# [Exercise instructions]
Exactly as written, transcribe the data from its opening line through the line containing "無(wú)紙化會(huì)議". Leave every picture out.

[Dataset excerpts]
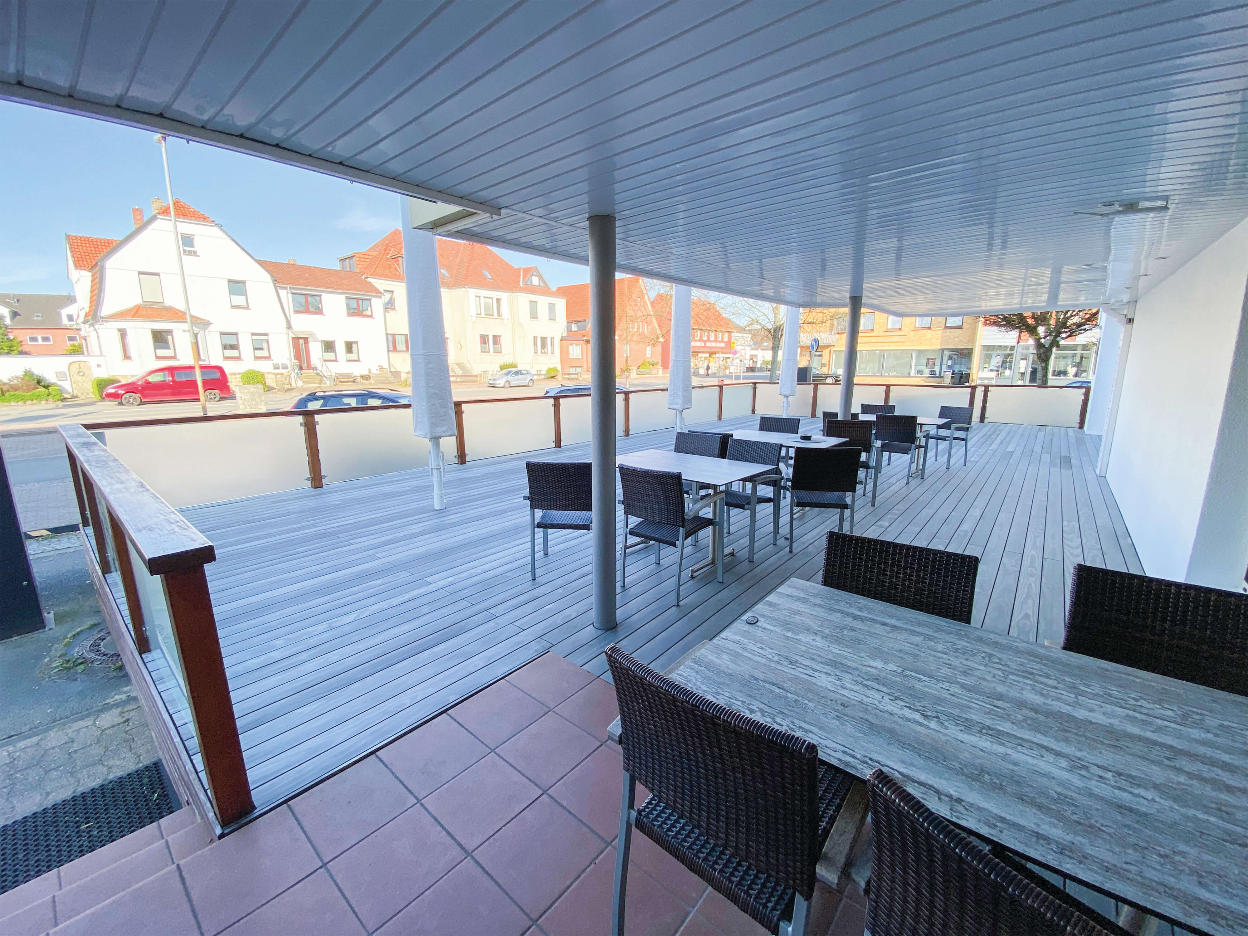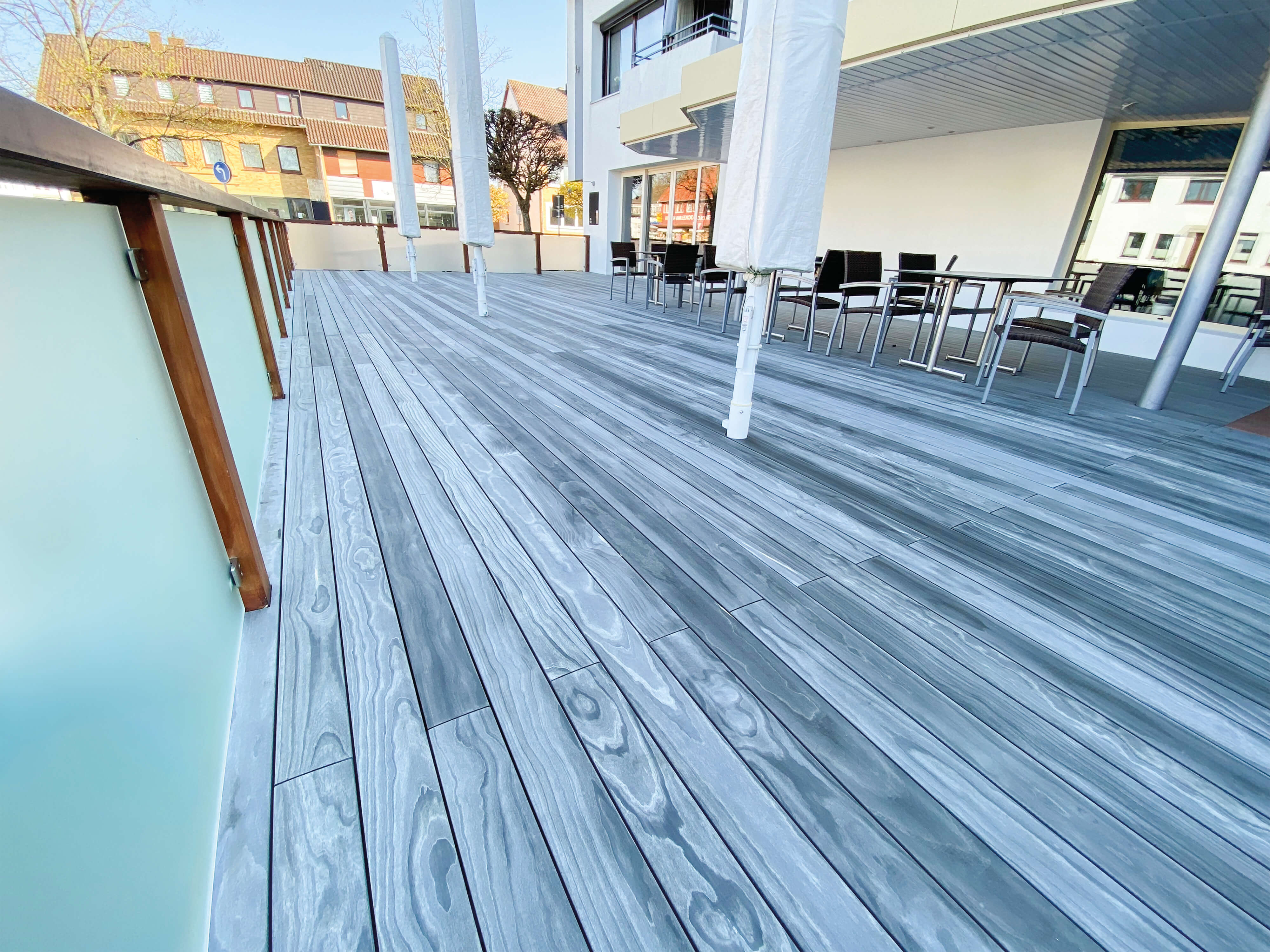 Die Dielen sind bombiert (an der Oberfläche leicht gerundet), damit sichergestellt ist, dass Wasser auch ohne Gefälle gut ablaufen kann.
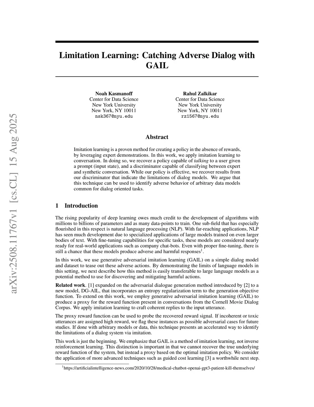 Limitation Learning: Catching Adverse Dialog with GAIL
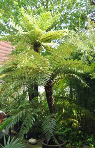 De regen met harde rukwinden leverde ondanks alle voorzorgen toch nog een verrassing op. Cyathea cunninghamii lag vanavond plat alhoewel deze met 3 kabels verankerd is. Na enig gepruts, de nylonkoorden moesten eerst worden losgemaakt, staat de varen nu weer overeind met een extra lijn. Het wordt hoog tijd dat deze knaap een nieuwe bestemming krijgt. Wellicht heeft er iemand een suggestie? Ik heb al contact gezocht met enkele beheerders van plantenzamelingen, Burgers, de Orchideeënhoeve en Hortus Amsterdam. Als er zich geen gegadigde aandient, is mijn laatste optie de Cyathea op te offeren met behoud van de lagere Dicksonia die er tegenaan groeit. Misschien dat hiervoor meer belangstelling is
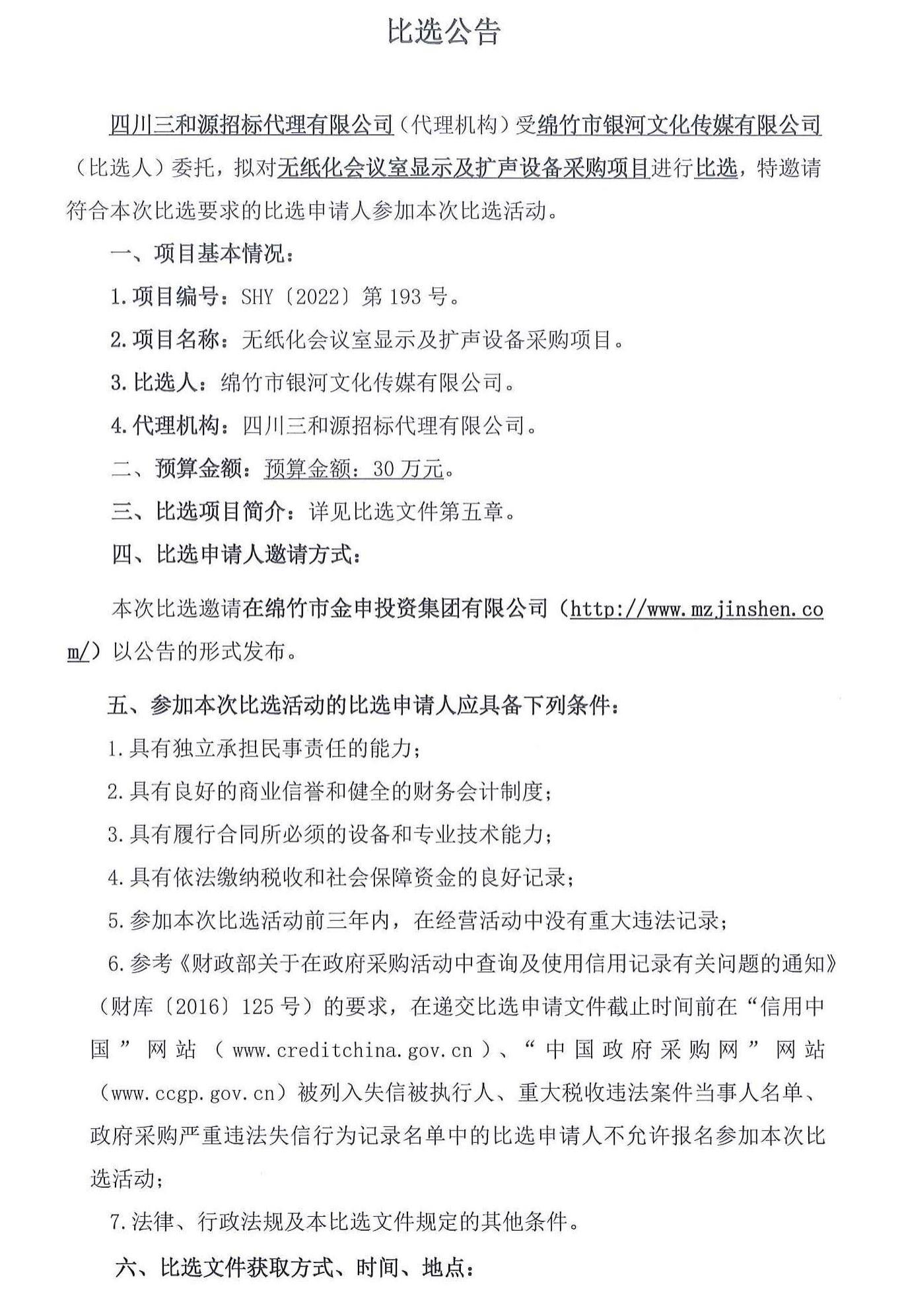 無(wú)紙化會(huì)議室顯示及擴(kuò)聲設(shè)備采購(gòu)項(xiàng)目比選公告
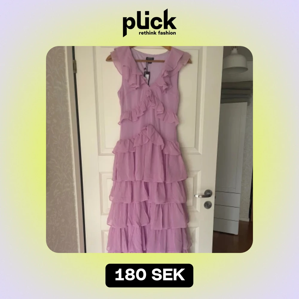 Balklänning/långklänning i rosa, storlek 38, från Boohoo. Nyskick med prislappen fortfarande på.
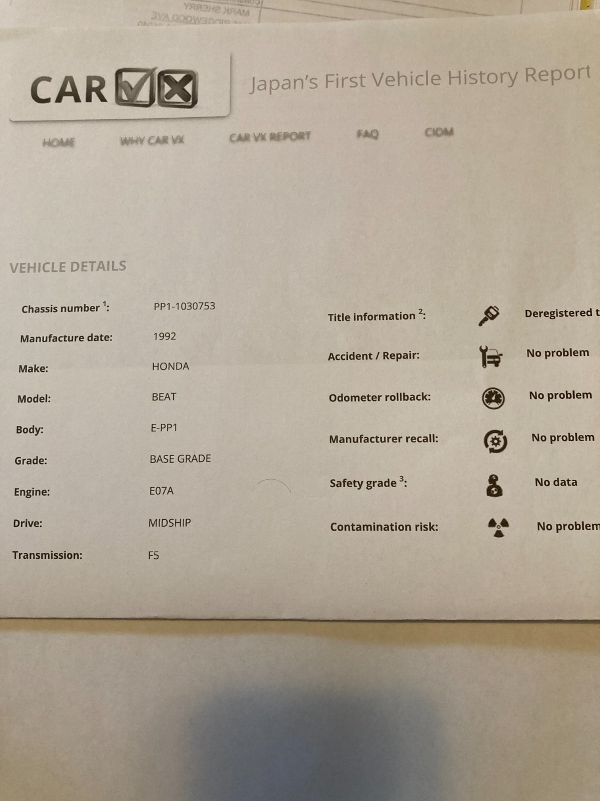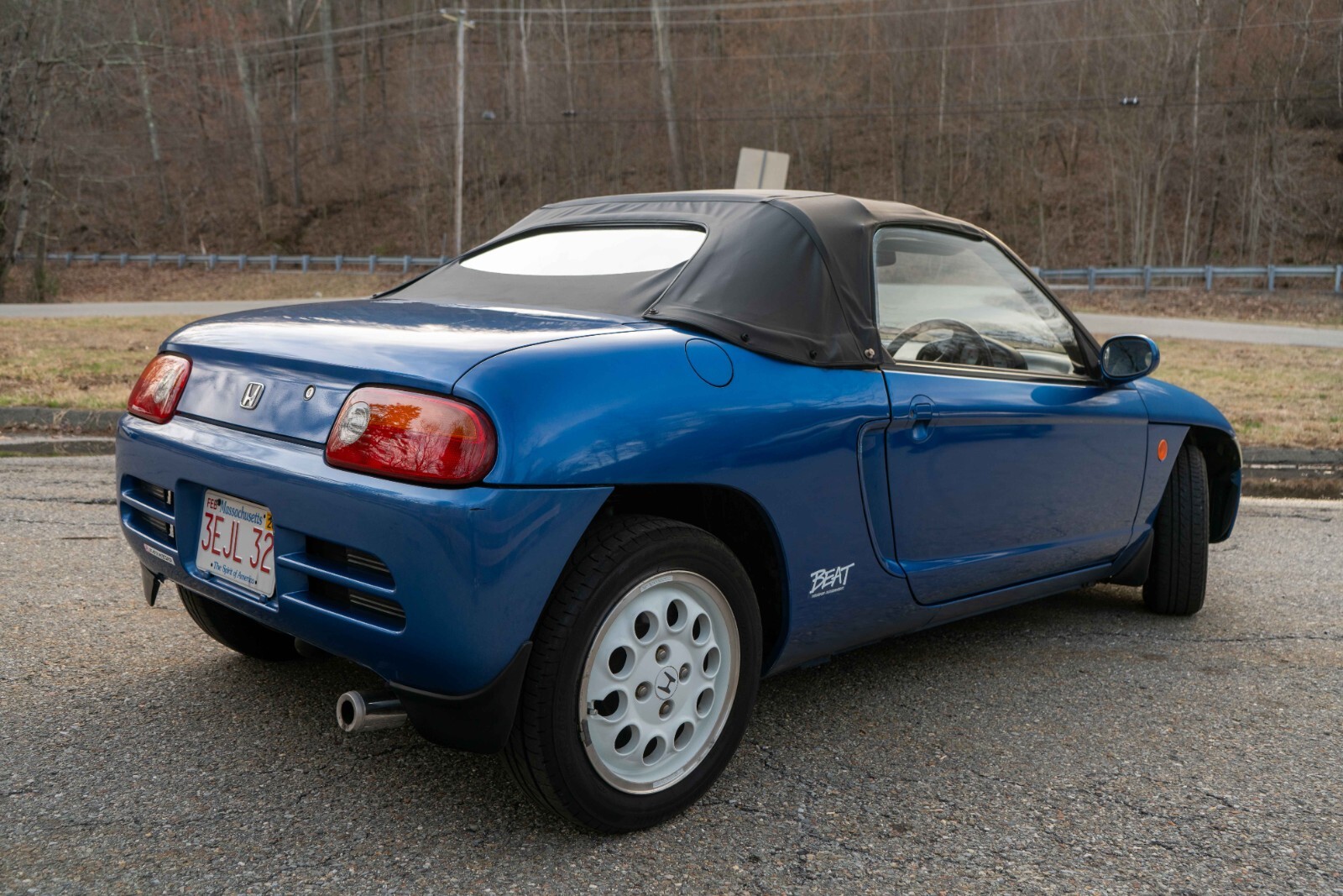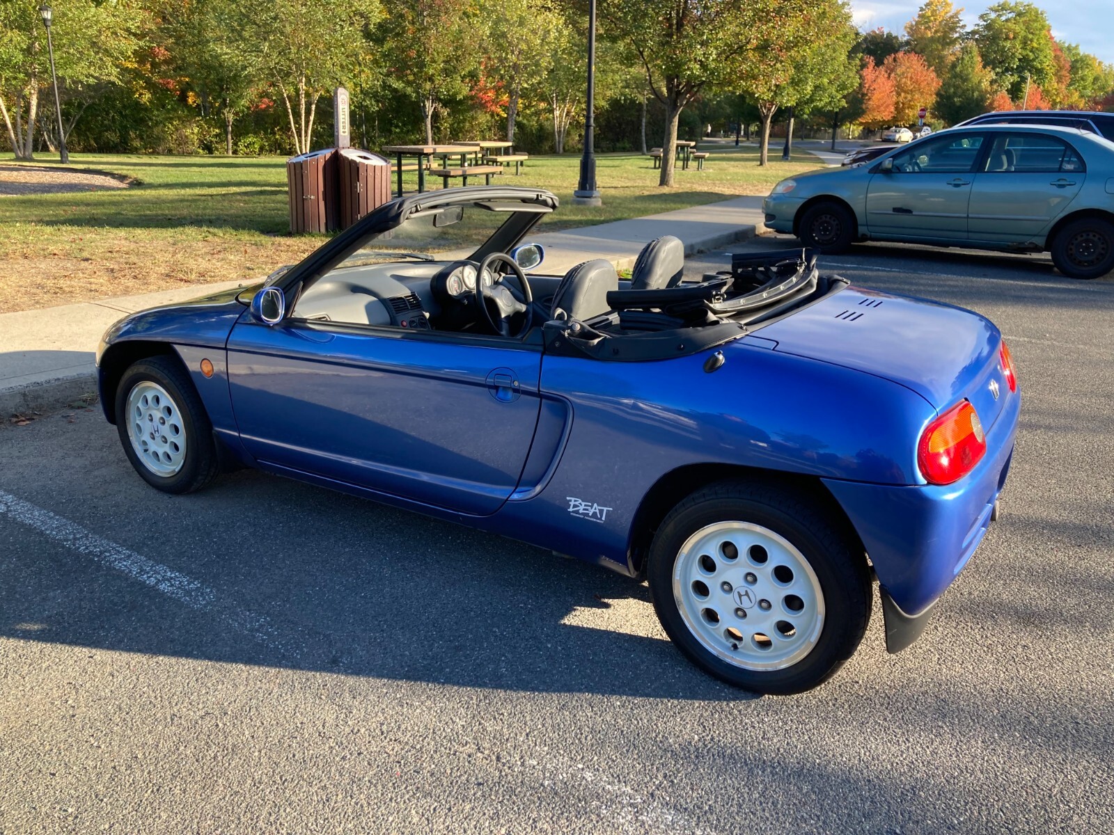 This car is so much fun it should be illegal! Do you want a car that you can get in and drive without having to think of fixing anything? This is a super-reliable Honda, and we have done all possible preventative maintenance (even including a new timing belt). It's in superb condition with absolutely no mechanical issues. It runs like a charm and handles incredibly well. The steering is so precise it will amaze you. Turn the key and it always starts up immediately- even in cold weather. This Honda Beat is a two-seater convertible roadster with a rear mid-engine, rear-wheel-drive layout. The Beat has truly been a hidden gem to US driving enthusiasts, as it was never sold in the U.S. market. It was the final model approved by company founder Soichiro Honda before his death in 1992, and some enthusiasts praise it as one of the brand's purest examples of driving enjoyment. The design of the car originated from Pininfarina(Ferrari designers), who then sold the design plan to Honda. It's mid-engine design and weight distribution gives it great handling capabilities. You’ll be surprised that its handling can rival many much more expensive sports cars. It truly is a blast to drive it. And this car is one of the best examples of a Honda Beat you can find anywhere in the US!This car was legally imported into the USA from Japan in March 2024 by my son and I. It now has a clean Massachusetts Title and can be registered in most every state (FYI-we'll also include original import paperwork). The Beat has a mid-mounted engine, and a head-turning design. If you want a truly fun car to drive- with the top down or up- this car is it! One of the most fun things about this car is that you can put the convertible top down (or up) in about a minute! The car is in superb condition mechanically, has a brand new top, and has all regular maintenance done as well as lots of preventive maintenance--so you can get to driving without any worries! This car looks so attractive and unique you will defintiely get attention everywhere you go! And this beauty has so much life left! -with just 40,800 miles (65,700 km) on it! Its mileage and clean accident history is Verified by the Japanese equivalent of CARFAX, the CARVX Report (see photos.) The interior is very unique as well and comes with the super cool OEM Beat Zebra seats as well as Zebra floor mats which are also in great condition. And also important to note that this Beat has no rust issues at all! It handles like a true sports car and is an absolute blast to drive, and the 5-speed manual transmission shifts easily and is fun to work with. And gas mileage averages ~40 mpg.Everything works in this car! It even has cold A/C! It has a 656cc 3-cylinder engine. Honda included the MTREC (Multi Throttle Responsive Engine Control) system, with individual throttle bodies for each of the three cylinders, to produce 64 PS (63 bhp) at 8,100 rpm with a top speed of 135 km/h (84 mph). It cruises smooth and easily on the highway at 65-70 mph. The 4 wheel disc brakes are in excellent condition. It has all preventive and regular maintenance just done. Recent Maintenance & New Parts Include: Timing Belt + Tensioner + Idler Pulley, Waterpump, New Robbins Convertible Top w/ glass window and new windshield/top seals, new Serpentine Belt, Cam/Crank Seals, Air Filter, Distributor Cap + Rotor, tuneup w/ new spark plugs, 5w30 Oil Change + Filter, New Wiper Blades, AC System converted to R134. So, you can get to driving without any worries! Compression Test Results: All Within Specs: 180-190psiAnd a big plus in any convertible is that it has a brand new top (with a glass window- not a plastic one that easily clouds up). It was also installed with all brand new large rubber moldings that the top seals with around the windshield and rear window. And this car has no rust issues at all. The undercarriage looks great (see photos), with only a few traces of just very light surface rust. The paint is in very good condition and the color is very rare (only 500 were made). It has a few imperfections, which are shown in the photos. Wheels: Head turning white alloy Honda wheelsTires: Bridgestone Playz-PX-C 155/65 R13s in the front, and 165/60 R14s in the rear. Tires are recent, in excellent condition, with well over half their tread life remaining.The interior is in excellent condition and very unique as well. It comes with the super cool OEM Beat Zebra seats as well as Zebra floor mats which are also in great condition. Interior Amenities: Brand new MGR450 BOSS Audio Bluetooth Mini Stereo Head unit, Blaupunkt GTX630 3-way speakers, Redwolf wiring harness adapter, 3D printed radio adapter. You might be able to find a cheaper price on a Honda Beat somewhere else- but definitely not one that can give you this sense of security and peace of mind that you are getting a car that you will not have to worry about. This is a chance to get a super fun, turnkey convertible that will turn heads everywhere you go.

# [Solution]
 Die Dielen sind bombiert (an der Oberfläche leicht gerundet), damit sichergestellt ist, dass Wasser auch ohne Gefälle gut ablaufen kann.
 Limitation Learning: Catching Adverse Dialog with GAIL
 De regen met harde rukwinden leverde ondanks alle voorzorgen toch nog een verrassing op. Cyathea cunninghamii lag vanavond plat alhoewel deze met 3 kabels verankerd is. Na enig gepruts, de nylonkoorden moesten eerst worden losgemaakt, staat de varen nu weer overeind met een extra lijn. Het wordt hoog tijd dat deze knaap een nieuwe bestemming krijgt. Wellicht heeft er iemand een suggestie? Ik heb al contact gezocht met enkele beheerders van plantenzamelingen, Burgers, de Orchideeënhoeve en Hortus Amsterdam. Als er zich geen gegadigde aandient, is mijn laatste optie de Cyathea op te offeren met behoud van de lagere Dicksonia die er tegenaan groeit. Misschien dat hiervoor meer belangstelling is
 無(wú)紙化會(huì)議室顯示及擴(kuò)聲設(shè)備采購(gòu)項(xiàng)目比選公告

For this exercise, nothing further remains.